LCPS to Put Medical Specialists in Regional Hospitals in 10 Years

From left to right- Drs. Benjamin .jpg

The Liberia College of Physicians and Surgeons (LCPS), which is in charge of the smooth running of the Liberia Post-Graduate Medical College (LPGMC), has announced that it is determined to put specialist medical practitioners in regional hospitals across the country.

The president of the College, Dr. Roseda Marshall, said they are training residence doctors, who are general medical practitioners, when they leave the A. M. Dogliotti College of Medicine after five years of study.

“What we are trying to do is to train Pediatricians, Internists, Obstetric Gynecologists and General Surgical Doctors. So that means that after the internship and after working for one year or two, they can now enter into a school and sub-specialize in these other disciplines,” Dr. Marshall said.

She narrated that before the LPGMC started, Liberian doctors travelled to foreign countries, including England and USA, for further studies in order to specialize. According to Dr. Marshall, most of these doctors did not return home.

“We hope to train doctors so that within the 15 counties in 10 years, we should have Internists, Pediatricians, General Surgeons and those working in Obstetrics and Gynecology. This will help, of course to improve health care quality in Liberia,” Dr. Marshall said.

The College, which became fully operational three years ago, firstly enrolled 19 resident doctors, one of whom succumbed to the deadly Ebola virus disease when it struck in March of 2014. The College president, Dr. Marshall, stated that two others dropped from the program and 16 are now still in training. She also stated that the College has taken in the second batch of the trainees, who are 18 in total. The program runs for three years before graduation, but the first batch of students who should have graduated this year, won’t be granted that privilege as 2014, which was the Ebola crisis year, is not counted.

Announcing the “scientific” conference, which the College is set to host, she said as part of the requirements for being a member of the West African College of Physicians and Surgeons (WACPS), the LCPS is to host annually a general scientific meeting.

Dr. Marshall said taking part in the meeting are individuals who have reached a certain status in their medical careers to become “Fellows”. These people gather in a business meeting to talk about what is going on in the College, including challenges, recommendations and the way forward.

During the three-day meeting several of the Fellows give scholarly presentations on some of the medical issues facing the nation.

She disclosed that the College is working with one private and six government hospitals around the country, including Phebe and C.B. Dunbar in Gbarnga, Bong County, JFK and Redemption in Monrovia, Jackson F. Doe in Nimba County and

St.

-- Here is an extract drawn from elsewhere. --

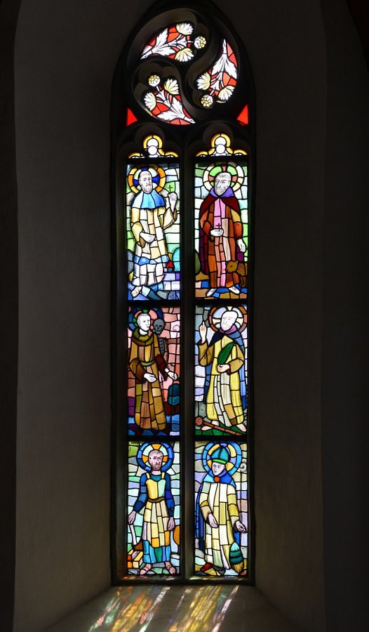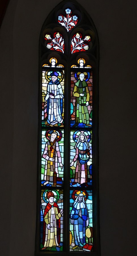 Im Chor vier Spitzbogenfenster mit Maßwerk, Glasgemälde von Hubert Dietrich, 1961, Tiroler Glasmalereianstalt, Innsbruck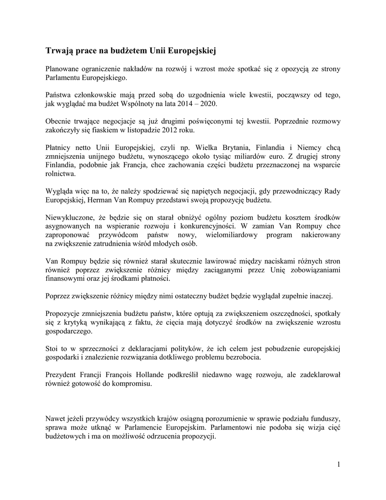 Trwają prace na budżetem Unii Europejskiej Planowane ograniczenie nakładów na rozwój i wzrost może spotkać się z opozycją ze strony Parlamentu Europejskiego. Państwa członkowskie mają przed sobą do uzgodnienia wiele kwestii, począwszy od tego, jak wyglądać ma budżet Wspólnoty na lata 2014 – 2020. Obecnie trwające negocjacje są już drugimi poświęconymi tej kwestii. Poprzednie rozmowy zakończyły się fiaskiem w listopadzie 2012 roku. Płatnicy netto Unii Europejskiej, czyli np. Wielka Brytania, Finlandia i Niemcy chcą zmniejszenia unijnego budżetu, wynoszącego około tysiąc miliardów euro. Z drugiej strony Finlandia, podobnie jak Francja, chce zachowania części budżetu przeznaczonej na wsparcie rolnictwa. Wygląda więc na to, że należy spodziewać się napiętych negocjacji, gdy przewodniczący Rady Europejskiej, Herman Van Rompuy przedstawi swoją propozycję budżetu. Niewykluczone, że będzie się on starał obniżyć ogólny poziom budżetu kosztem środków asygnowanych na wspieranie rozwoju i konkurencyjności. W zamian Van Rompuy chce zaproponować przywódcom państw nowy, wielomiliardowy program nakierowany na zwiększenie zatrudnienia wśród młodych osób. Van Rompuy będzie się również starał skutecznie lawirować między naciskami różnych stron również poprzez zwiększenie różnicy między zaciąganymi przez Unię zobowiązaniami finansowymi oraz jej środkami płatności. Poprzez zwiększenie różnicy między nimi ostateczny budżet będzie wyglądał zupełnie inaczej. Propozycje zmniejszenia budżetu państw, które optują za zwiększeniem oszczędności, spotkały się z krytyką wynikającą z faktu, że cięcia mają dotyczyć środków na zwiększenie wzrostu gospodarczego. Stoi to w sprzeczności z deklaracjami polityków, że ich celem jest pobudzenie europejskiej gospodarki i znalezienie rozwiązania dotkliwego problemu bezrobocia. Prezydent Francji François Hollande podkreślił niedawno wagę rozwoju, ale zadeklarował również gotowość do kompromisu. Nawet jeżeli przywódcy wszystkich krajów osiągną porozumienie w sprawie podziału funduszy, sprawa może utknąć w Parlamencie Europejskim. Parlamentowi nie podoba się wizja cięć budżetowych i ma on możliwość odrzucenia propozycji. 1 W niedawnej wypowiedzi na ten temat Joseph Daul, przywódca Europejskiej Partii Ludowej, największego ugrupowania Parlamentu Europejskiego, zapowiedział odrzucenie wniosku. Daul przypomniał, że skąpstwo krajów członkowskich zagroziło już np. unijnemu programowi wymiany studenckiej Erasmus. Parlament chciałby, żeby środki mogły być przekazywane na różne programy w różnych latach w sposób bardziej elastyczny. Oprócz kwestii budżetowych i związanych z nimi cięć, sprawą otwartą pozostaje również zwrot opłat członkowskich w przypadku Wielkiej Brytanii i paru innych krajów członkowskich. Również Finlandia jest gotowa domagać się rekompensaty za wpłacone przez siebie opłaty członkowskie, jeżeli negocjacje nie ułożą się zgodnie z jej oczekiwaniami. Źródło: Helsingin Sanomat, 07.02.2013 Tłumaczenie robocze: Paweł Błaszczyk, WPHI Helsinki 2

Joseph Catholic Hospital in Monrovia. However, at the moment, only four of those hospitals are being used for the training.

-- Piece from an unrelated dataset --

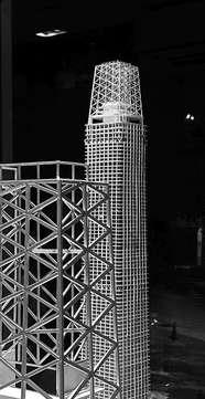 A small study model of The Exchange 106 in Malaysia, showing the detailed steel structure at the tower’s crown.

Also giving remarks, Dr. Robert Kpoto said the Ebola crisis greatly affected the smooth operation of the College.

Dr. Kpoto, who is a Fellow of the College and the first vice president for surgery, disclosed that the loss of two of their colleagues, Dr. Samuel Brisbane and Dr. Abraham Borbor, brought fear in all of the medical practitioners. He also spoke of the psychosocial impact the disease had on College members, including its resident doctors.

Dr. Benjamin Harris, another Fellow and vice president of the College, said in order to provide quality post-graduate training, it is very important that the training environment meets the standard set by the WACPS.

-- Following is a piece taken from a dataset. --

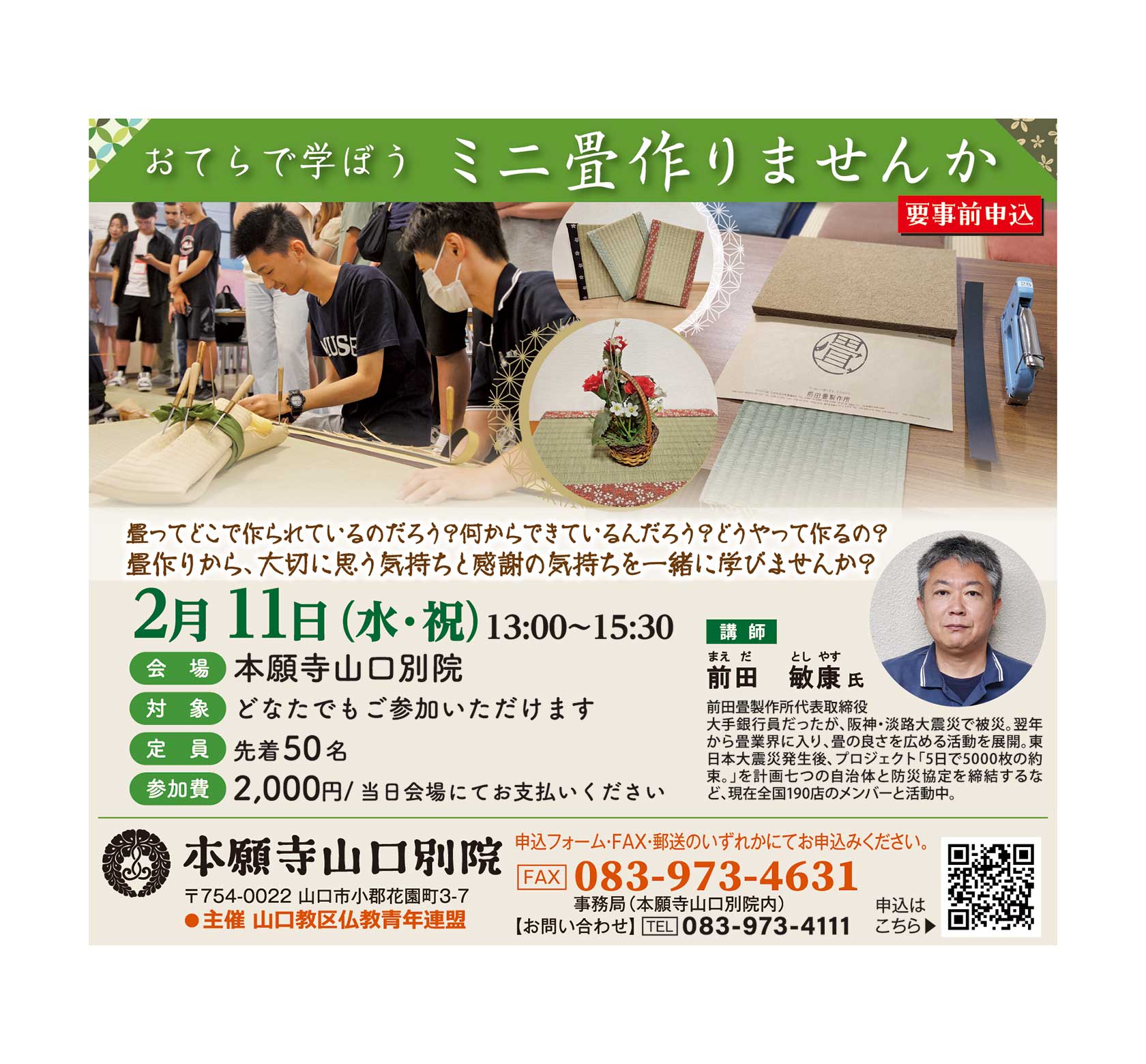 日時:2月11日(水・祝)13:00~15:30 会場:本願寺山口別院(山口市小郡花園町3-7) 定員:先着50名 参加費:2,000円

“A number of these hospitals have been excluded because of various limitations and even those hospitals that we are utilizing don’t have standards set by the WACPS for accreditation and for international recognition as a training facility because of lack of personnel and equipment,” Dr. Harris said.

He, however, stated that the College is working along with partners, including the WHO, World Bank and others to help upgrade facilitates of these hospitals so that they can be on par with other medical facilities in the West African sub-region.

For her part, Dr. Angela Benson, another Fellow and a member of the College’s board said the scientific conference is going to be a very big event. Dr. Benson added, “It’s going to help expose us to the general public becase most people don’t know about us.”

The scientific meeting is scheduled for November 27 & 28.